В бывшую квартиру поэта, к тому шестому окну, меня не пустили. Набычившийся охранник в черной форме с иголочки тупо повторял: «Ахматова – не знаю таких. Нет! Не положено, без разрешения не могу». Но и без отсутствующих новых хозяев этого дома я знал, что не найду той узкой комнаты, увешанной иконами; камина, на котором она держала горящей свечу, чтобы было от чего затопить печь; полов, вздувшихся в наводнение и навсегда испорченных. Даже той Невы в окне не увижу, тех волн, которые в то лето унесут навсегда изломанный, изорванный в клочья Пуниным букет левкоев…

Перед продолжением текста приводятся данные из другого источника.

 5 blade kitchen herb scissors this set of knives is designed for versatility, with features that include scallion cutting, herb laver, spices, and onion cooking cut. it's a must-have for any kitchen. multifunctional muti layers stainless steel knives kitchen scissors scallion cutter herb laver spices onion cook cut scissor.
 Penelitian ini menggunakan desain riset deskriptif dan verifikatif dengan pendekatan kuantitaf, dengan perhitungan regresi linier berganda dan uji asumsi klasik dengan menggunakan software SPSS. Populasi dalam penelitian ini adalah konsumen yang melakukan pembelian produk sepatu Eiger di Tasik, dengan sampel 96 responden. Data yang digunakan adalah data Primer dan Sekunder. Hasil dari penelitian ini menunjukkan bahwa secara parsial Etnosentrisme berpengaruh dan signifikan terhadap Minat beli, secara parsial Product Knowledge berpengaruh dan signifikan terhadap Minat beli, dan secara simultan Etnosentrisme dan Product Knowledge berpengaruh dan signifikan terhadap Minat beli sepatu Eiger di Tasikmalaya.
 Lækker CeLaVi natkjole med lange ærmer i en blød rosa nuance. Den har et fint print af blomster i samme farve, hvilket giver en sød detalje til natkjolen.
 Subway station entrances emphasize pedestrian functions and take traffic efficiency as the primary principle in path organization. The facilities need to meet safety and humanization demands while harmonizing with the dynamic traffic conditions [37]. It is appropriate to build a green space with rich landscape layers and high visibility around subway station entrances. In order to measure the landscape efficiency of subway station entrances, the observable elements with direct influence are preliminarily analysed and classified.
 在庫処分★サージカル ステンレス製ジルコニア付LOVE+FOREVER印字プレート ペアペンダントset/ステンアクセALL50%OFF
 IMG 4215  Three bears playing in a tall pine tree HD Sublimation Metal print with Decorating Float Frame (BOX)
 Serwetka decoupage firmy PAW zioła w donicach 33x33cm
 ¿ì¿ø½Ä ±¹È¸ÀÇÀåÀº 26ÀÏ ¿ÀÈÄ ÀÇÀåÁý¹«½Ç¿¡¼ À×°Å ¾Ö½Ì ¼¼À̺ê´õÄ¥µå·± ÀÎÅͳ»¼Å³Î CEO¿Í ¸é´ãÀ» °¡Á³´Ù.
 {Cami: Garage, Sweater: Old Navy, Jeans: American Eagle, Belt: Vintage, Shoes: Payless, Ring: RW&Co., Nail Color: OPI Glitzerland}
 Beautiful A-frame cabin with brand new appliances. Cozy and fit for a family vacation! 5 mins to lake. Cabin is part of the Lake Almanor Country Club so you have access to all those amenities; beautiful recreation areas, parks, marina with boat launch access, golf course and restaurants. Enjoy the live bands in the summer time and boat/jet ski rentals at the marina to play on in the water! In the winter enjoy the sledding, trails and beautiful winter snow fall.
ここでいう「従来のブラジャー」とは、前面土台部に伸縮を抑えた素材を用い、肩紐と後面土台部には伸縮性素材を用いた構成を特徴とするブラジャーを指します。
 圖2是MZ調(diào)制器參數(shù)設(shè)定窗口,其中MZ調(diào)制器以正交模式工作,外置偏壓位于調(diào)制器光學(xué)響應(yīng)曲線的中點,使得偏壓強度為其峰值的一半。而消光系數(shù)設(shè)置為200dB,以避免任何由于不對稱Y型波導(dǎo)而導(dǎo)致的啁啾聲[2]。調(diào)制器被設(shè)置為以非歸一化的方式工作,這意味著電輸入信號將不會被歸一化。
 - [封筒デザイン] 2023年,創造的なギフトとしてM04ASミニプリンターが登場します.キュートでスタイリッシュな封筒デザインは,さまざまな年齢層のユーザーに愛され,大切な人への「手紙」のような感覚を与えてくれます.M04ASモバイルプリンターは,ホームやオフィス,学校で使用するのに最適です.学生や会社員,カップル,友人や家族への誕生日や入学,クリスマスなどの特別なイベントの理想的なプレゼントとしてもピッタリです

Лучше всех сам воздух этого дома описал художник Анненков, давний знакомый Ахматовой. Еще четыре года назад она в квартире какого-то «свитского» генерала, бежавшего на юг, позировала Анненкову для знаменитого портрета – того, где она «с гребнем» (Кирочная, 11). «Это происходило в яркий, солнечный июльский день», – вспоминал он, и Ахматова была одета «в очень красивое синее шелковое платье», которое ей, кажется, тогда прислали из-за границы[45]. А сюда, в дом Бауэра, осенней ночью под проливным дождем Анненков провожал однажды Олечку Судейкину – после вечера в издательстве «Всемирная литература». «Подойдя к подъезду, Оленька предложила мне зайти к ней, посидеть, – вспоминал Анненков, – так как у меня не было ни зонтика, ни непромокаемого пальто. Было около часа ночи, но я согласился. Оленька провела меня в свою комнату. В другой комнате Ахматова была уже в постели, и я ее не увидел… Ливень за окном не унимался. “Ложись на диван, – сказала Оленька, – уйдешь завтра утром, авось подсохнет”. В комнате Судейкиной, кроме ее постели, была еще небольшая оттоманка с подушками. Я снова согласился… Не сняв пиджака, прилег на диван. Оленька подняла с полу небольшой коврик и прикрыла им меня. “Немножко грязненький, но все же согреет”, – сказала она, погасила свет и стала раздеваться, чтобы лечь. Через несколько минут я заснул…»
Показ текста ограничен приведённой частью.